We’ll use the ComplexHeatmap package from Bioconductor, which provides a flexible framework for generating heatmaps.

brauer_mat_dat <-
  brauer_gene_exp |>
  unite(___, ___) |>
  pivot_wider(
    names_from = ___,
    values_from = ___
  )

brauer_mat <-
  # remove name columns, just need the data
  select(___, ___) |>
  as.matrix()

# Inspect the matrix above.

ComplexHeatmap::Heatmap(___)

Expression of select genes associated with nutrient metabolism

Examine the genes (common_name) that start with LEU.

leu_genes_tbl <- brauer_gene_exp_tidy |>
  filter(str_detect(___, "___"))

ggplot(
  leu_genes_tbl,
  aes(
    x = ___,
    y = ___,
    color = ___ 
  )
) +
  geom_point() + 
  geom_smooth(method = 'lm', se = FALSE) +
  facet_wrap(~ ___) +
  theme_cowplot() +
  scale_color_brewer(palette = "Dark2")

Modeling the relationship between gene expression and growth rate

One gene

Let’s look specifically at a linear model of the data for LEU1 under leucine starvation.

leu1_tbl <- leu_genes_tbl |>
  filter(common_name == "___" & nutrient == "___")

ggplot(leu1_tbl, aes(___, ___)) +
  geom_point(size = 3) +
  theme_cowplot()

Let’s take a look at the linear model of these data.

mod <- lm(exp ~ rate, data = leu1_tbl)
summary(mod)

The relevant information (rate, intercept, p.value) for the model is not easily accessed.

We can use the broom library to tidy the model information.

library(broom)
broom::tidy(mod)

All genes

Doing this for one gene is interesting, but really we’d like models for all of the conditions so that we can compare between them to identify interesting patterns.

The following code chunk will do the following:

  1. nest data for model fitting into a new column data
  2. fit linear models to the data column using purrr::map()
  3. tidy the linear models using broom::tidy()
  4. unnest the model coefficients
linear_model_tbl <-
  brauer_gene_exp_tidy |>
  group_by(systematic_name, common_name, nutrient) |>
  nest() |>
  # look at the data up to the `nest()` call
  mutate(
    model = purrr::map(
      data,
      ~ lm(exp ~ rate, data = .)
    )
  ) |>
  mutate(
    model_tidy = purrr::map(
      model,
      broom::tidy
    )
  ) |>
  select(-model, -data) |>
  unnest(cols = c(model_tidy))

Note that we now have slope and intercept terms for each group we specified.

  • the intercept indicates how highly a gene is expressed when starved of a nutrient.
  • the rate indicates how much a gene’s expression responds to increasing nutrient (i.e., growth rate).

Further analysis

At this point, you can ask questions like the following:

  • How do other groups of metabolic genes respond to nutrient deprivation? Start with the ‘PHO’, ‘URA’, and ‘SUL’ genes. Comment on features that stand out, both within and across nutrient deprivation conditions.

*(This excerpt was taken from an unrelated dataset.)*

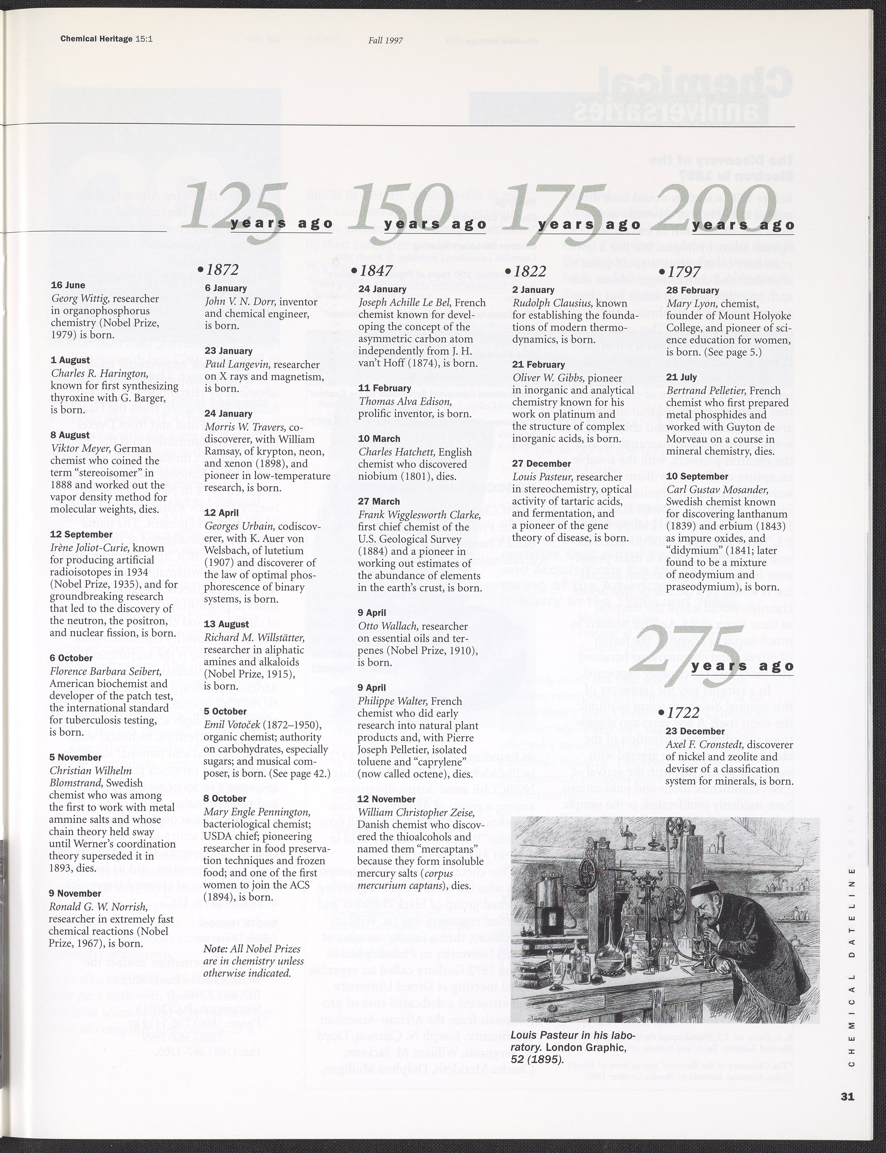 “Chemical Heritage, Volume 15 Number 1.” Philadelphia, Pennsylvania: Chemical Heritage Foundation, 1997. 099C001. Science History Institute. Philadelphia. https://digital.sciencehistory.org/works/row1swz.

  • What if you include and group by the GO terms in the yeast_go_terms tibble instead of gene name? I.e., you could detect the string leucine in the biological process and group by those instead of gene name (you’d need to join the tidy tibble with the GO information first).

  • Are there other genes that behave like LEU1 under leucine starvation? I.e., a strong negative slope in one condition, and positive slopes in the others?